Camping in the Ghats

I’m always charmed by the Western Ghats, the Sahyadri Mountain range that separates the sea coast from the south Indian plateau. 

Blame it on the eco-diversity of this area, the wildlife sightings, the enchanting valleys, the coffee plantations or the sprawling bungalows now waking up to tourism; a region tailor made for the typical traveller who loves to click and capture the ambience into digital bytes. 

I always loved Coorg and Nilgiri regions but never had been up north, rather north-west of Bangalore – to the Sharavathy valley.  So in this summer, when a friend suggested camping in this region, I was keen to explore. Going to the Ghats has the uplifting feeling and this time to an unexplored part was like the icing on the cake.

The region lies between Shimoga and North Kanara (Uttara Kannada) districts; Sagara or Sagar is the nearest town to the famous Jog water falls. Like the coffee plantations in the Coorg belt, this region is famous for its acacia plantations (betelnut). 

It’s a six hour journey from Bangalore to Sagar ; one can reach by an overnight bus or car.

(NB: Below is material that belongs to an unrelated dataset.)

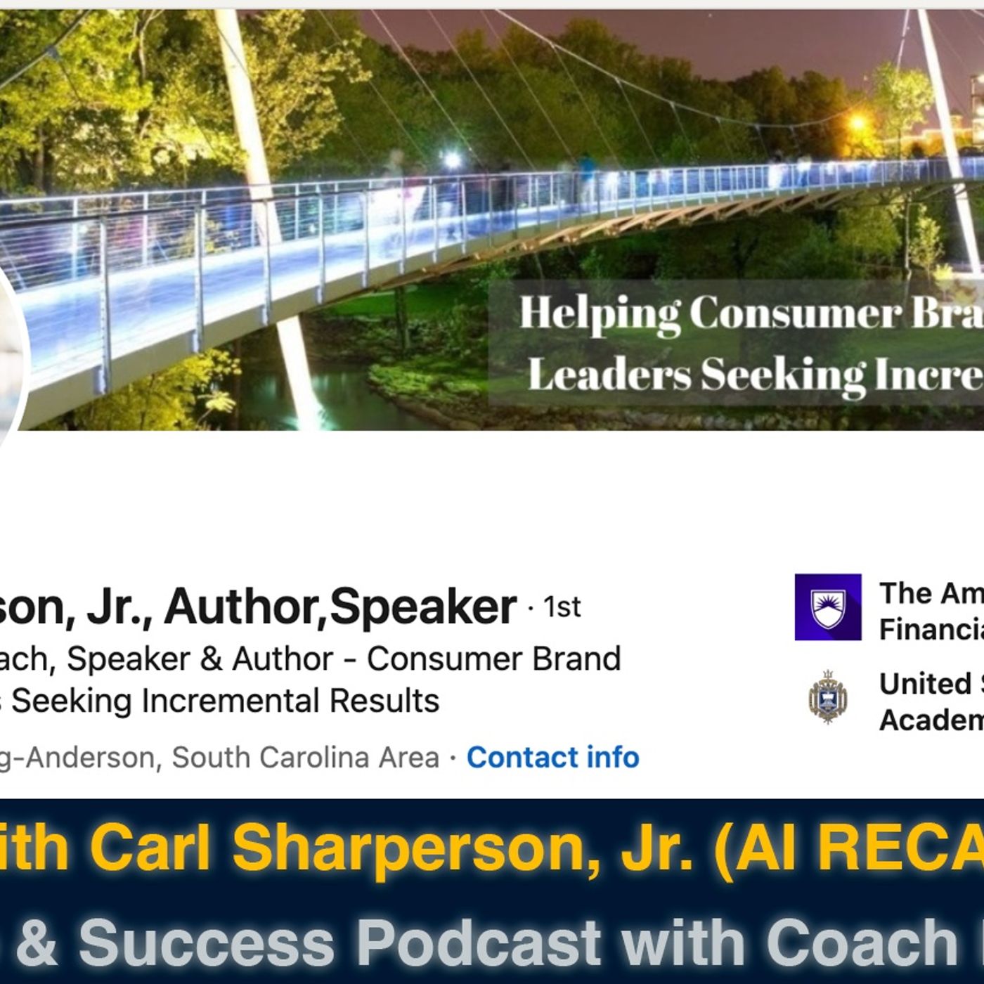 Season 2, Episode 12: Live with Carl H. Sharperson, Jr on Leadership and Success Leadership & Success Podcast Live with Coach BZ: Guest Carl H. Sharperson, Jr, CEO & Executive Coach, Sharperson's Executive Leadership Guest website: https://www.carlsharpersonjr.com/ Guest LinkedIn Profile: https://www.linkedin.com/in/carlsharperson/ Guest Bio: https://www.carlsharpersonjr.com/bio The Live LinkedIn Podcast will eventually be published on Youtube, Facebook Watch, Apple Podcast, Google Podcast, Spotify, Amazon Music/Audible, Pandora, TuneIn + Alexa, iHeartRadio, PlayerFM, and Listen Notes. “Everything rises and falls on leadership.” -Dr. John C. Maxwell “Leadership is the most critical skill. The world will always need leaders to lead others, deploy the next disruptive technology, or execute a business strategy.” -Coach BZ The #LeadershipandSuccessPodcast is available across all major platforms: -Apple Podcast: https://lnkd.in/e9-tNEn9 -Google Podcast: https://lnkd.in/gMPdkiAw -Spotify (soon to include videos): https://lnkd.in/geDwMf2W -Amazon: https://lnkd.in/ejKVEku6 -Audible: https://lnkd.in/gnPqzeDt -TuneIn Alexa: https://lnkd.in/gyKamymk -Pandora: https://lnkd.in/gp8Ey6RH -iHeart Radio: https://lnkd.in/gVT6kFUG -PlayerFM: https://lnkd.in/gYiA9bss -Listen Notes: https://lnkd.in/gFuPA_d7 -YouTube: https://lnkd.in/ef7HmGua -FaceBook Watch: https://lnkd.in/gDJHtSr4 -Rumble: https://lnkd.in/gj_FSiSS -SoundCloud: https://lnkd.in/gU65aQUc -Spreaker: https://lnkd.in/gKSWe7bh -Samsung Podcast: https://lnkd.in/ghDFBgnD -------------- Useful Links -------------- To connect with Bob visit the following links: Bob’s Podcast (includes links to all major Podcast Platforms) https:/www.leadershipandsuccesspodcast.com Bob's LinkedIn https://www.linkedin.com/in/bobfabienzinga/ Bob's Forbes Author Page https://tinyurl.com/bzforbesauthor Bob's Website https://bobfabienzinga.com/ 🔴 Please subscribe for more videos about Leadership and Success, help me build up this Youtube channel: https://tinyurl.com/youtubeleadershipsuccess 🔴 Please subscribe, follow, rate, and add a review to my Apple Leadership and Success Podcast, help me build up this channel: https://tinyurl.com/appleleadershipsuccess 🔴 If you want to become a John C. Maxwell Certified Coach, please sign up at: https://jmt.leadershipandsuccess.net/ #leadershipandsuccesspodcast #leadership #leadershipandsuccess #techleadership #successmindsets
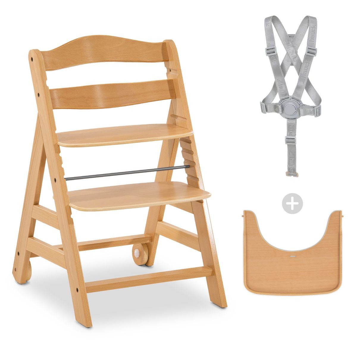 Mit dabei ist außerdem ein abnehmbarer Holztisch. So kannst Du den Hochstuhl flexibel und auch freistehend nutzen.

From here, our camping site was another half an hour away at Nandigodu; next to this is Heggodu which is home to the popular travelling theatre, Ninasam. 

We were to camp in the fields of Ganganna(Gangadharappa), a farmer who owns land in Nandigodu.Ganganna, like hundreds of other farmers, lost his land when the Linganamakki Dam was built. However, he has been quite resourceful and has shared his traditional home with tourists who use the facilities at this home and camp on his fields. Of course the monsoon is an added attraction for the travellers as the sowing season begins.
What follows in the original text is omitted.